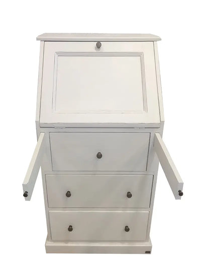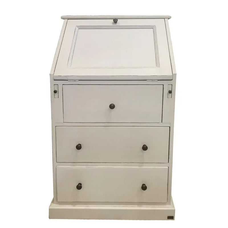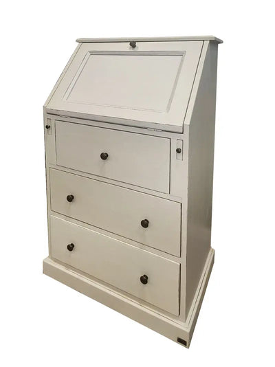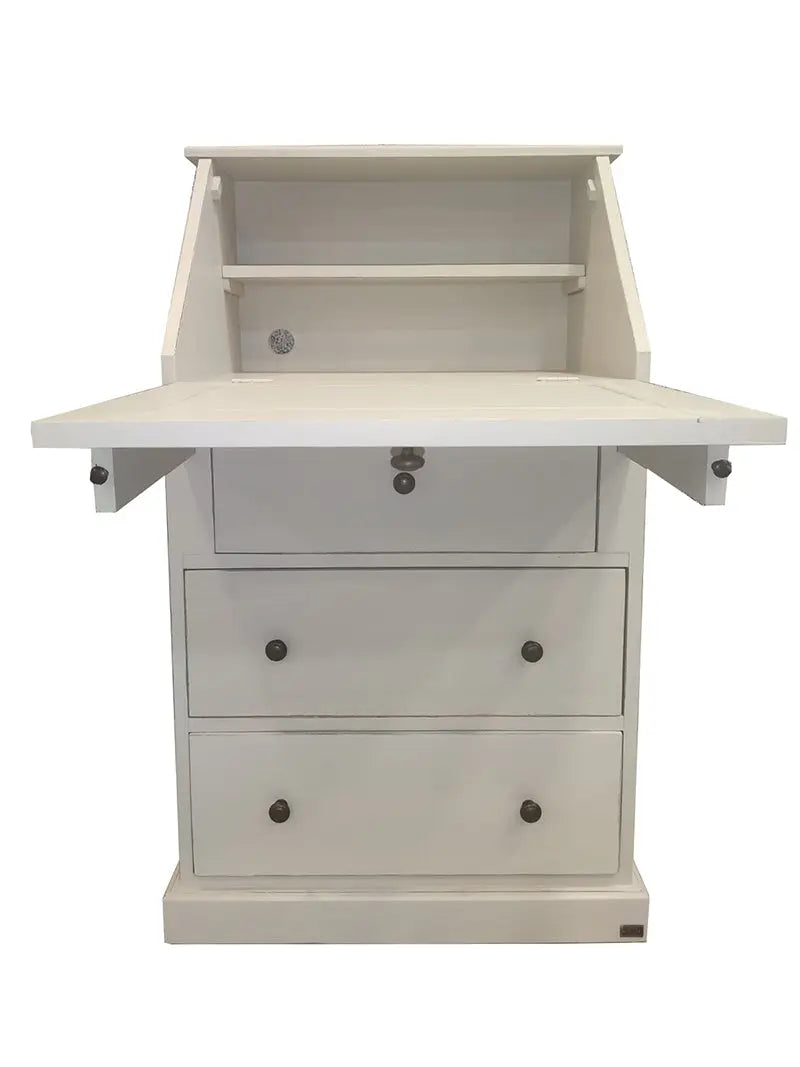 למכתבה שלוש מגירות ומדף נשלף מוסתר.
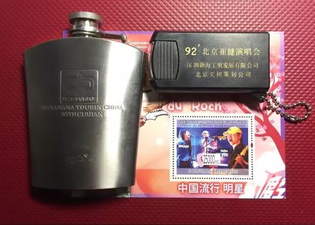 上面的是崔健演唱会的周边产品,左边的是酒壶,那个像BB机的是小手电筒,底下的那个是邮票,上面还印有周杰伦,打着许巍的名字还印了台湾明星许玮伦....
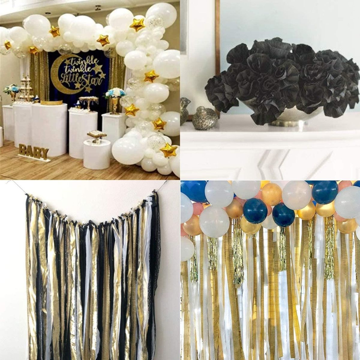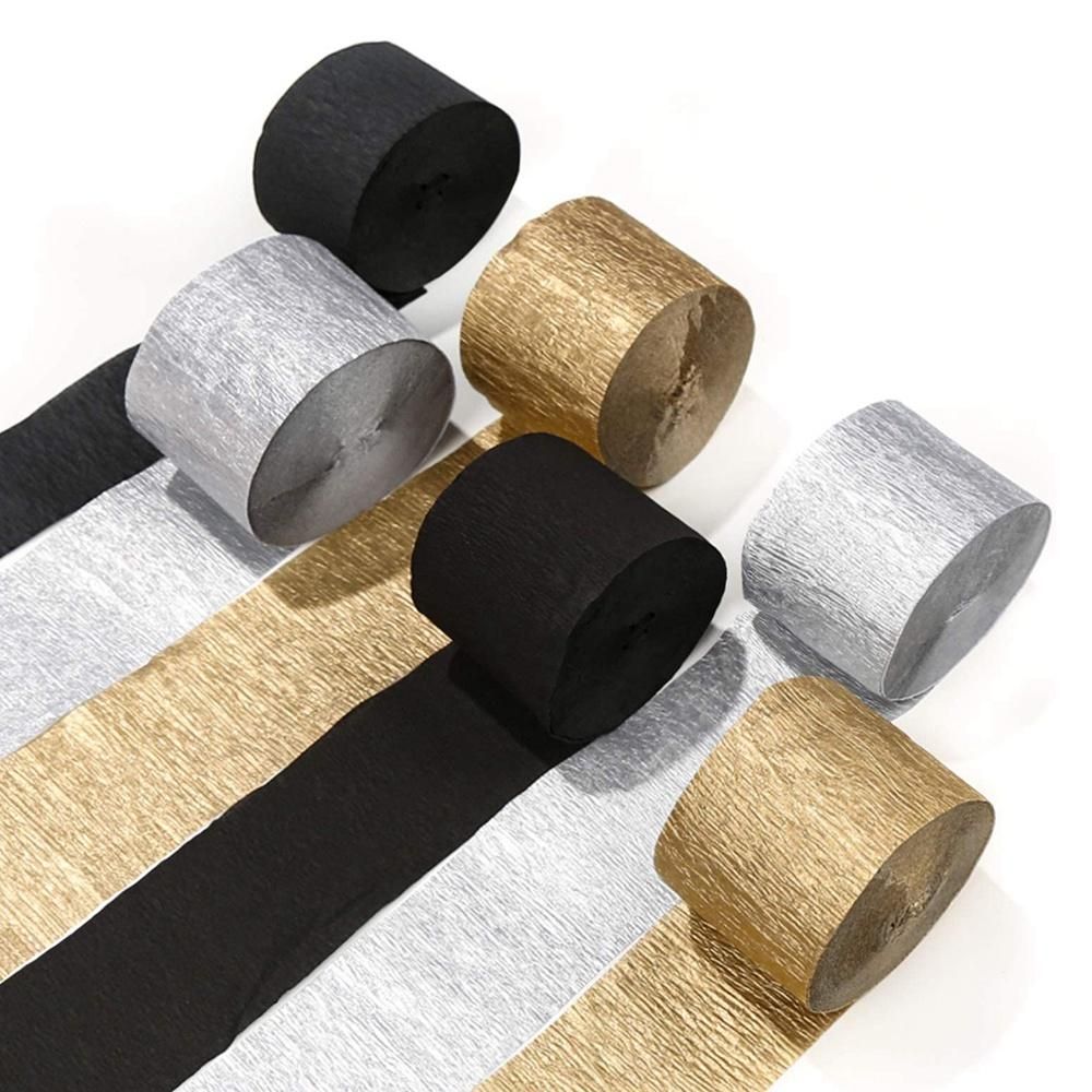 PACKAGE SPECIFICATIONS: The crepe paper package includes black streamers (4 rolls), silver streamers (4 rolls), gold streamers (4 rolls), 12 pieces in total. Each roll of party streamers is 0.15 x 82 feet / 4.5 x 25m (W*L), perfect birthday decorations, wedding decorations, baby shower decorations for girl, gold streamers party decorations

• EXERCISE AIM
All of the material above is to be copied exactly, except for its images.

• TASK RESULT
 למכתבה שלוש מגירות ומדף נשלף מוסתר.
 上面的是崔健演唱会的周边产品,左边的是酒壶,那个像BB机的是小手电筒,底下的那个是邮票,上面还印有周杰伦,打着许巍的名字还印了台湾明星许玮伦....
 PACKAGE SPECIFICATIONS: The crepe paper package includes black streamers (4 rolls), silver streamers (4 rolls), gold streamers (4 rolls), 12 pieces in total. Each roll of party streamers is 0.15 x 82 feet / 4.5 x 25m (W*L), perfect birthday decorations, wedding decorations, baby shower decorations for girl, gold streamers party decorations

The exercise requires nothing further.